Exactly the lines below starting at the line with "Termopozos Acero Inoxidable, Perforados, Soldados" and ending at the line with "面具猙獰、服飾奇特、動作凝重" are wanted, with both ends included. Leave out the pictures and add no other lines.

*Extracted data:*
────────────────────
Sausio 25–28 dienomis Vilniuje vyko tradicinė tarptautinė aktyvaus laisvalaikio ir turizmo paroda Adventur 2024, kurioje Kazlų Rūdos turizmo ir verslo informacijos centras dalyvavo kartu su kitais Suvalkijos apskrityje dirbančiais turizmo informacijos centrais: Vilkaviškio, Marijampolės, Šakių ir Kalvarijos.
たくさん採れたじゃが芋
────────────────────
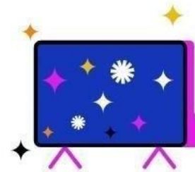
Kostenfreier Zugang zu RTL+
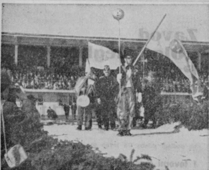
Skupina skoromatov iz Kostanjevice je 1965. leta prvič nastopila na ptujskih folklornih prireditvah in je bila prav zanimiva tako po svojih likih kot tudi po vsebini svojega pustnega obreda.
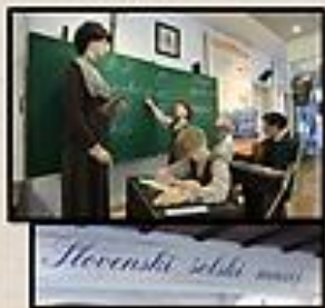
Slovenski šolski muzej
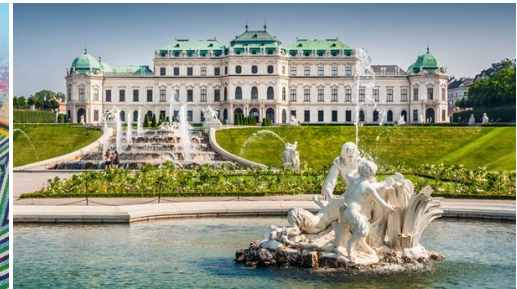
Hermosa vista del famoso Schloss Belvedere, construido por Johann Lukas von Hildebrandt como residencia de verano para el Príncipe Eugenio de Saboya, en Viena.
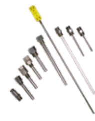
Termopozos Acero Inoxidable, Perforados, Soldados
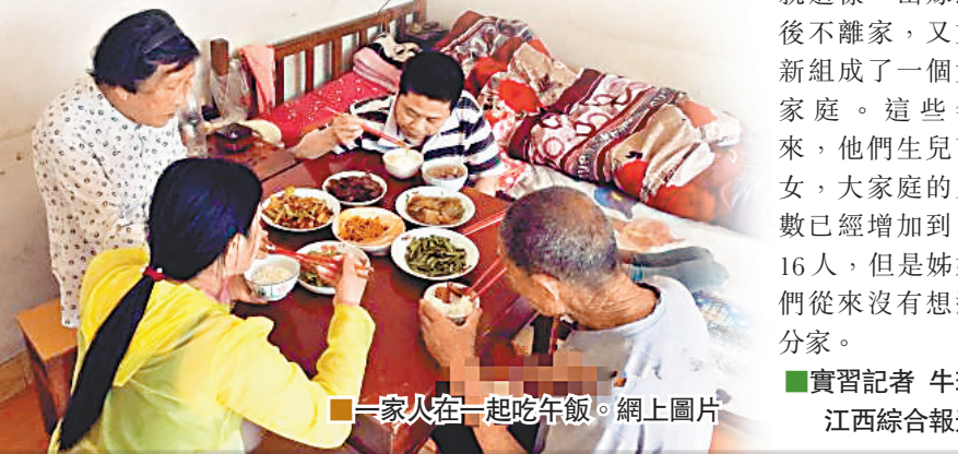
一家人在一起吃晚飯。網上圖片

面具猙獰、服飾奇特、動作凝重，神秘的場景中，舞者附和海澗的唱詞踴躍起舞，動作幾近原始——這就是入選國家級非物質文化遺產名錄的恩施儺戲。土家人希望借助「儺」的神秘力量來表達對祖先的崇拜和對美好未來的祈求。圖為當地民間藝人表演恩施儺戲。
────────────────────
*Exercise result:*
Termopozos Acero Inoxidable, Perforados, Soldados
一家人在一起吃晚飯。網上圖片

面具猙獰、服飾奇特、動作凝重，神秘的場景中，舞者附和海澗的唱詞踴躍起舞，動作幾近原始——這就是入選國家級非物質文化遺產名錄的恩施儺戲。土家人希望借助「儺」的神秘力量來表達對祖先的崇拜和對美好未來的祈求。圖為當地民間藝人表演恩施儺戲。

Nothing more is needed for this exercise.